With "Name" and "Age" as an example, if you have a name like "Apu
Nahasapeemapetilon" and set aside 4 bytes for the age, 100,000 records would
take up roughly: 21+4 * 100,000 => 25 * 100,000 bytes, or 2.5 megabytes.
There will be some overhead as well, but even if you double that to 5
megabytes, it's tiny by the standards of modern memory.

Speed will probably also not be a major issue. All you're doing is looking up
a value stored in memory.

Rather than worry too much about whether to use structures, objects or hashes
for speed, why not choose the data type that makes the rest of the program
easiest to write and to read. If later you decide it needs to be faster or
smaller, you can adjust it, but unless you're running on an embedded system,
it's unlikely you'll have to.

Ben


 
Reply With Quote
 
Pito Salas
Guest
Posts: n/a
 
      07-14-2009
Ben Giddings wrote:

> Rather than worry too much about whether to use structures, objects or
> hashes for speed, why not choose the data type that makes the rest of the
> program easiest to write and to read. If later you decide it needs to be
> faster or smaller, you can adjust it, but unless you're running on an
> embedded system, it's unlikely you'll have to.


The example I gave was purposely oversimplified to make it easy to
explain and understand. In reality the records will be far more complex
and the numbers perhaps in the hundreds of thousands.

But still I do agree with you. I was just trying to see if one of the
three choices was clearly brain dead or clearly the best one. Would
using a hash repeat over and over the text of the keys (I assume 'no')
or have far slower access? Would using a class that never would have a
method incur a major performance overhead because accessing each value
required a method call anyway?

- Pito





--
Posted via http://www.ruby-forum.com/.

 
Reply With Quote
 
Roger Pack
Guest
Posts: n/a
 
      07-14-2009

> Here are three representations. Which one will be faster? Which one will
> be smaller?


My answer is try them each and find out
I remember open structs using up a lot of memory, for some reason
though.
=r
--
Posted via http://www.ruby-forum.com/.

 
Reply With Quote
 
Ben Giddings
Guest
Posts: n/a
 
      07-14-2009
On Jul 13, 2009, at 21:23, Pito Salas wrote:
> The example I gave was purposely oversimplified to make it easy to
> explain and understand. In reality the records will be far more
> complex
> and the numbers perhaps in the hundreds of thousands.


Ok, well if you have an average number of bytes per record, you can
probably guesstimate how much space each record will type.

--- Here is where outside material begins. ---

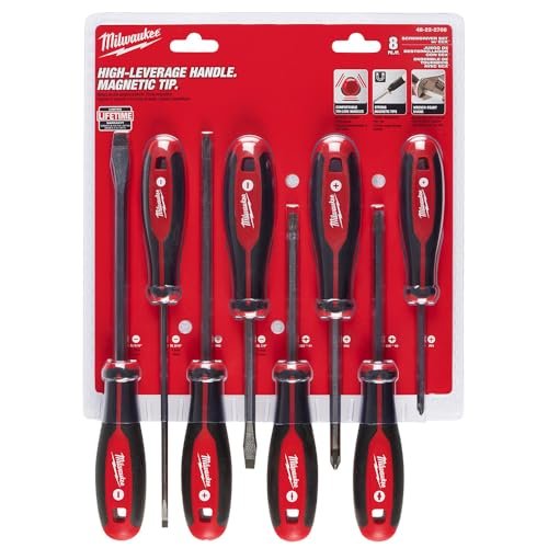Featuring hardened tips and forged shanks the Milwaukee 8 Piece Screwdriver Set provides professional grade solutions and durability to the user. Bit types are marked on the cap of each tool for quick identification and increased efficiency.The comfortable tri-lobe handle allows users to comfortably apply more leverage

> But still I do agree with you. I was just trying to see if one of the
> three choices was clearly brain dead or clearly the best one. Would
> using a hash repeat over and over the text of the keys (I assume 'no')

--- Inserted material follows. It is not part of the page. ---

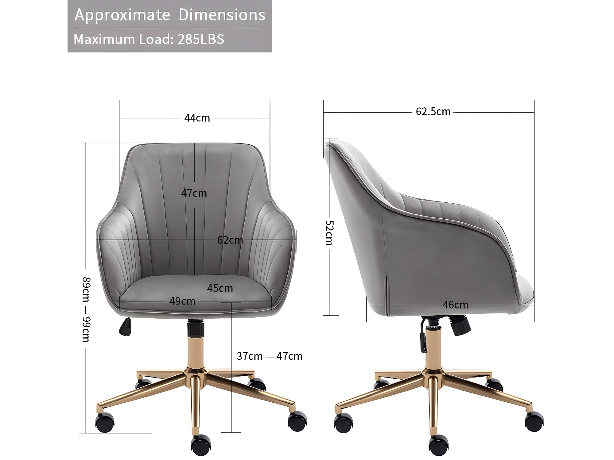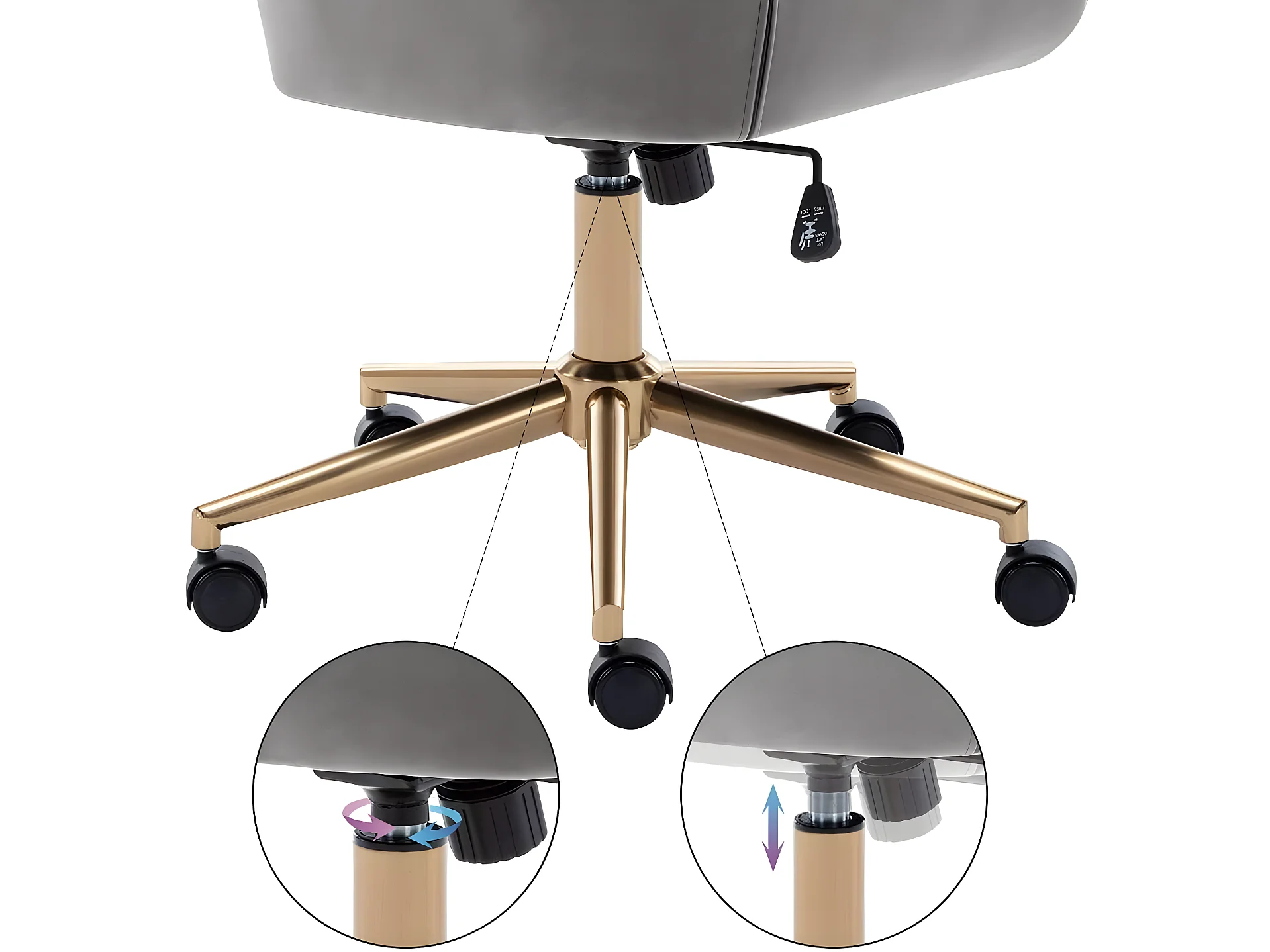 Fauteuil chaise de bureau pivotante design en velours gris structure métallique BUR09085

When you use a string (or anything else) as a hash key, Ruby
uses .hash to figure out a hash key for it. The access time for
people["matz"].age should only be slightly slower than matz.age,
because people["matz"] has to find the hash value of "matz", look up
the value in the hash, then look up the data, whereas matz.age only
has to look up the data.

I don't know the internals of Ruby's struct vs. class implementations,
but they should be pretty similar.

> or have far slower access? Would using a class that never would have a
> method incur a major performance overhead because accessing each value
> required a method call anyway?


I'm not sure quite what you mean -- a class that never would have a
method? Do you mean a class that has no associated instance methods,
other than the attribute accessors? If you mean the attribute
accessor methods, it does add a tiny bit of overhead, but I'm pretty
sure most of that is implemented in C. Whether the classes have
additional methods associated (but never called) should not slow them
down or add additional space per instance. If you never call the
methods they're just additional memory used once in the object
definition. In memory, each unique instance of the class should just
have the data associated with each instance of a class.

If you happen to tack an extra method onto one particular instance of
a class, you'll end up with unique method data for that one instance.

In other words, somewhere in memory you should have something like:

bob = Employee.new("bob smith", 42)
ang = Employee.new("angela carter", 35)
jj = Employee.new("jason james", 73)
def jj.retired?
true
end

Employees:
initialize: (name, age); @name = var, @age = age
to_s: "Name: #{name}, Age: #{age}"
name: name
name=: name = var
age: age
age=: age = var
...

Data:
{employee, bob smith, 42}
{employee, angela carter, 35}
{employee, jason james, 73, retired?: true}
...

(I'm not completely sure how Ruby does the internals, esp instance
methods on objects, but it should be something like that).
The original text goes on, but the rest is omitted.